In Palestine, microcredit workers learned to decentralize their operations, to continue lending during violent conflict, and to plan for wartime scenarios. The Grameen Bank offered an example of how this could be done in their presentation on the Congo, where the lack of permanent banks in volatile areas prompted innovations like cellphone banking.
Several plenary speakers spoke about NGO microcreditors maturing into independent financial institutions. Above all, speakers emphasized the need for flexible country- and region-specific policies and products, for financial education, and for affirmative government support for microlenders and protection for loan recipients. In Otero´s words, “We know that microfinance requires regulatory policy more suitable to its particular characteristics; not more lenient regulations, but ones that are more appropriate to this industry.”
Leaving the Conference Room: Microfinance Goes National
The two-day conference ended with high-level votes of support. President Uribe has made creating a regulatory framework for microfinance a key point of his agenda, and an international network continues to explore the links between peace and microcredit. The symposium may have had an even bigger impact in making microfinance more widely known and understood by Colombians outside the development community.
The opening session was televised, and thousands of viewers saw the unprecedented exchange among diverse actors.

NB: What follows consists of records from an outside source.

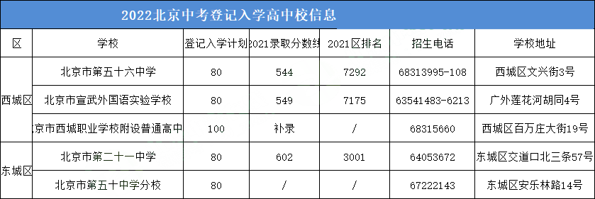 ①西城3所高中参与“登记入学”试点,我们把2021年各校的录取分数线和区排名进行了补充,供大家参考;
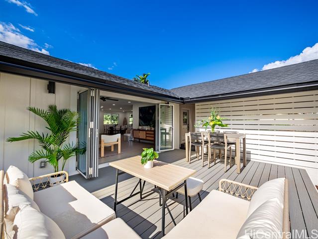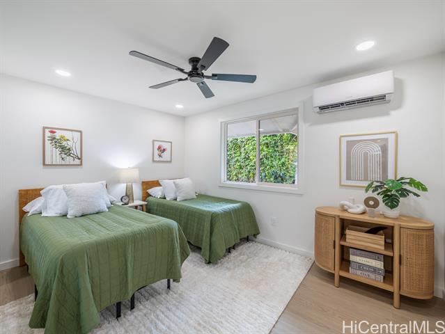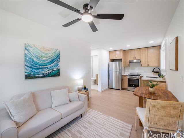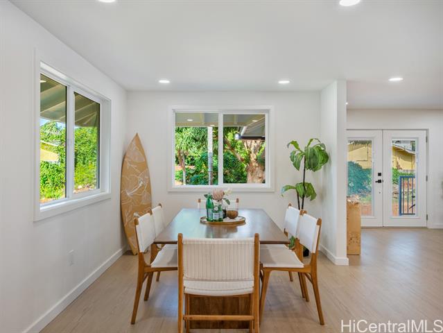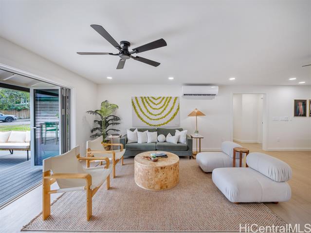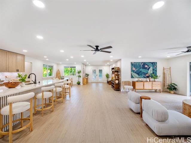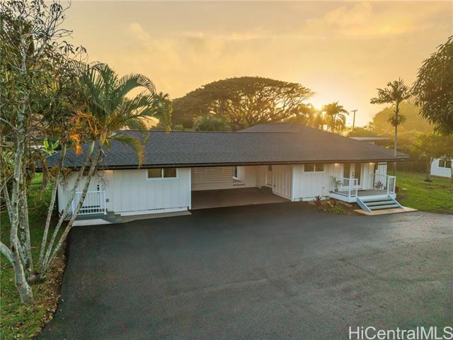 Live the best of the North Shore lifestyle in this fully renovated Haleiwa home, with the perfect blend of modern design, comfort, and flexibility. Completed in 2025, the property sits on an oversized lot and features a freshly paved private driveway, enhancing accessibility and providing ample parking. Abundant natural light and open sightlines define the main living space, with a layout that flows seamlessly from the kitchen to the lanai and yard. Finishes are clean and modern, including wide-plank floors, split AC, and recessed lighting throughout. The kitchen is well-suited for everyday use and entertaining, featuring quartz countertops, a waterfall-edge island, custom cabinetry, stainless steel appliances, and a rarely found butler’s pantry with a dedicated prep space and double ovens. Two bedrooms include en suite bathrooms. The primary suite offers a walk-in closet with custom built-ins and a spa-style bath. A separate one-bedroom unit with full kitchen, bath, laundry, and private lanai provides added flexibility for guests, extended family, or rental income. A unique opportunity to move in today and enjoy all this home has to offer.
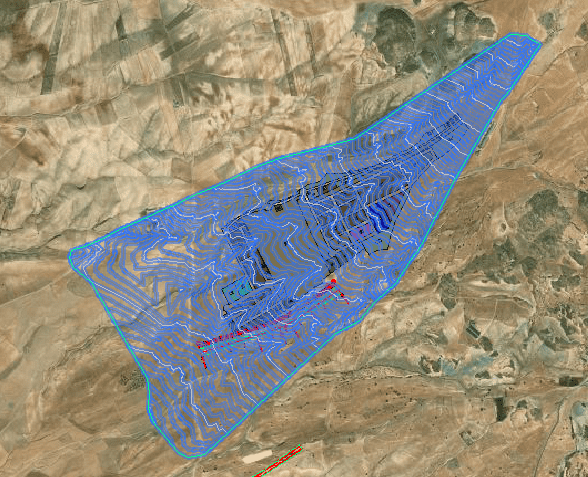 Figura 4. Superficie TIN “EG” (Existing Ground) creada a partir de la topografía proporcionada.
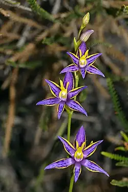 Thelymitra apiculata, commonly called Cleopatra's needles,[2] is a species of orchid in the family Orchidaceae and endemic to the south-west of Western Australia. It has a single erect, curved, dark green leaf with a purplish base and up to twelve purplish flowers with darker blotches and golden yellow edges. There are two yellow arms on the sides of the column, each ending with a needle-like point.
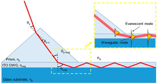 A λ/4 Rutile TiO2 prism (Thorlabs GmbH, Newton, MA, USA, 45-45-90, size 5 × 5 × 5 mm) having a refractive index (np = 2.6), higher than the refractive index of the ITO (nowg = 1.82), was used to couple part of the power contained in the laser beam source to the thin ITO OWG (350 nm). Such a method does not need sub-micrometer alignment of the beam to the edge of the OWG, or the need for matching the numerical aperture of the illumination optics to the film. The laser beam can have a diameter tens of times that of the OWG when coupled by means of the prism, and still a consistent fraction of light power will enter the OWG.
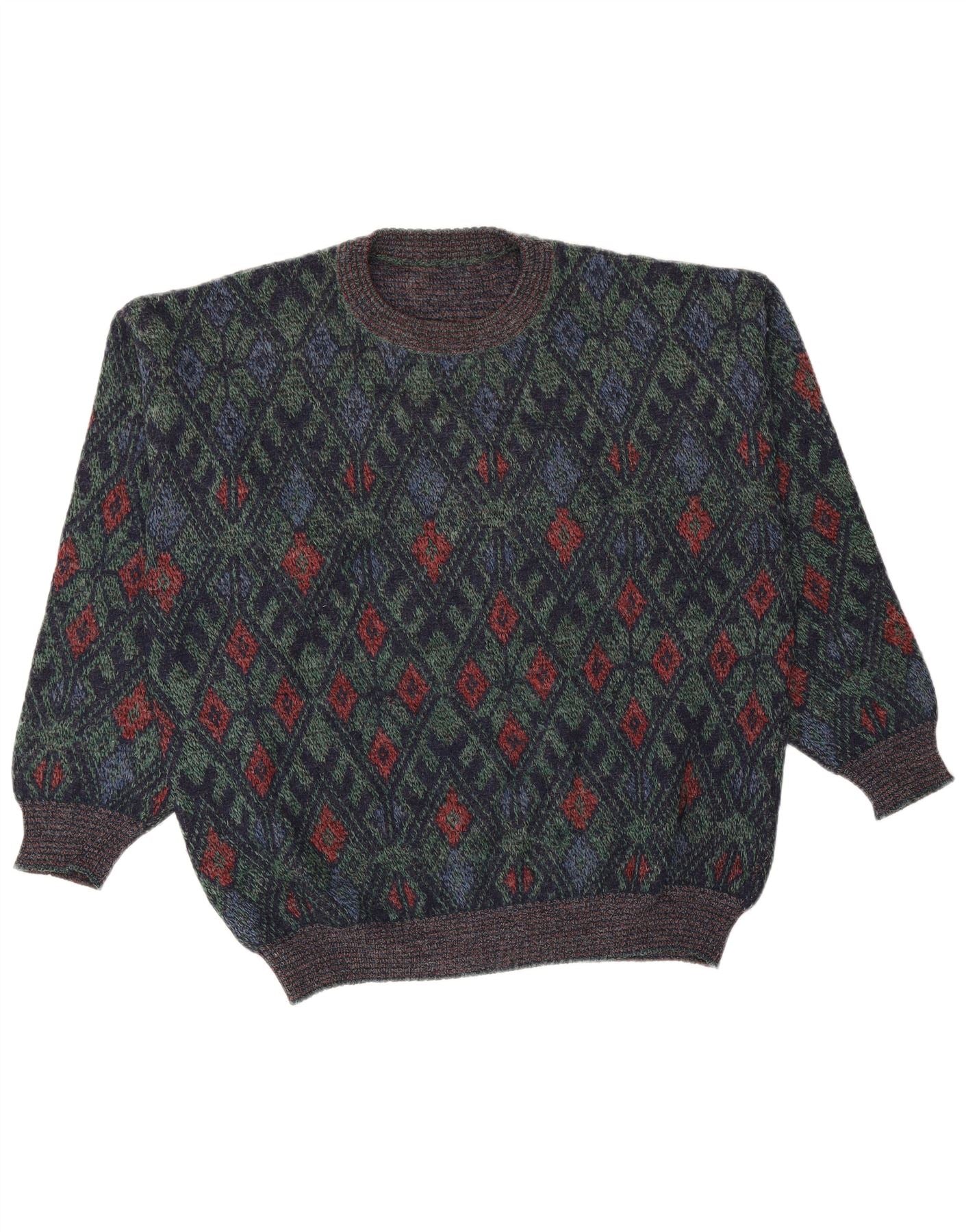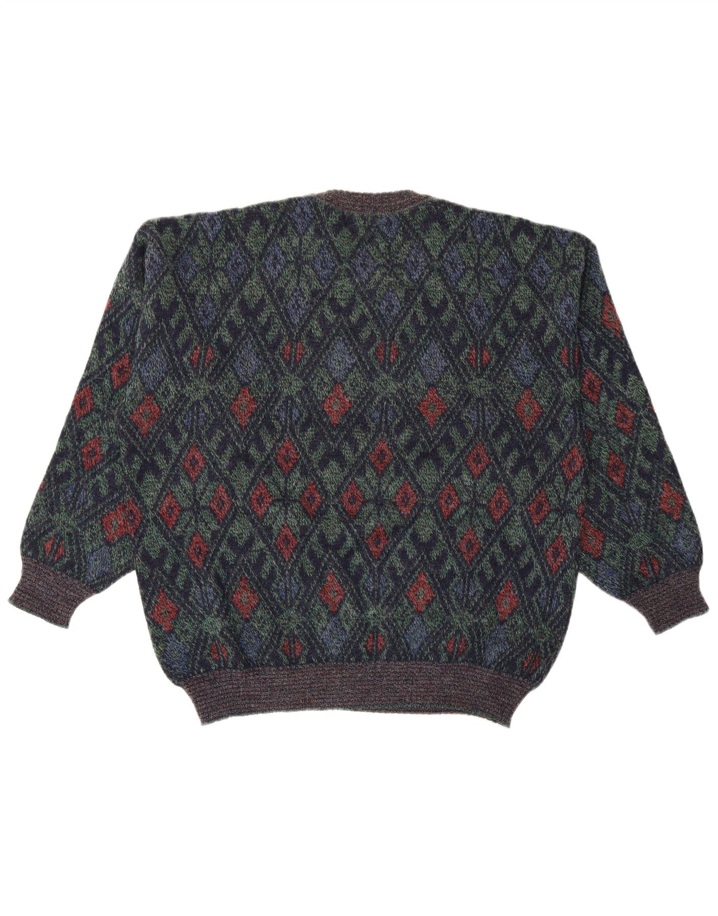 Pulover VINTAGE pentru bărbați cu gâtul turnat, mare, albastru marin Argyle/Diamond

Building on the need for broad public involvement, President Uribe urged Meneses to host a TV show to educate and train underprivileged Colombians about the potential of microfinance to improve their lives. The weeks after the symposium saw a proliferation of newspaper profiles on microentrepreneurs, which suggests that putting a human face on microcredit is an invaluable tool in its widespread implementation. Far from being just a human-interest story, microfinance is now a topic of public debate in Colombia following the conference, business and finance magazines and newspapers wrote countless columns on predatory lending and interest rate policies.
Soon, Colombians will have even more examples to talk about. After the symposium, the Sarmiento family, which heads Grupo Aval (a leading business group working in finance, real estate and telecommunications), announced a new microcredit program in partnership with the Grameen Trust, the organization that replicates Mohammad Yunus´ microfinance model throughout the world.
A couple of months after the symposium, Asomicrofinanzas, an association that brings together many of the country's microfinance institutions and other supporting organizations, was created. This association will promote a network of dynamic MFIs to meet the needs of the underserved population and advocate for a more enabling legal environment. The AlvarAlice Foundation will serve on the association's board of directors attesting to its proven leadership and convening power in addressing some of Colombia's most pressing social and economic problems.
AlvarAlice has maintained momentum on advancing the microfinance industry in Colombia months after the symposium, demonstrating the power of conversation across sectors and other critical social divides.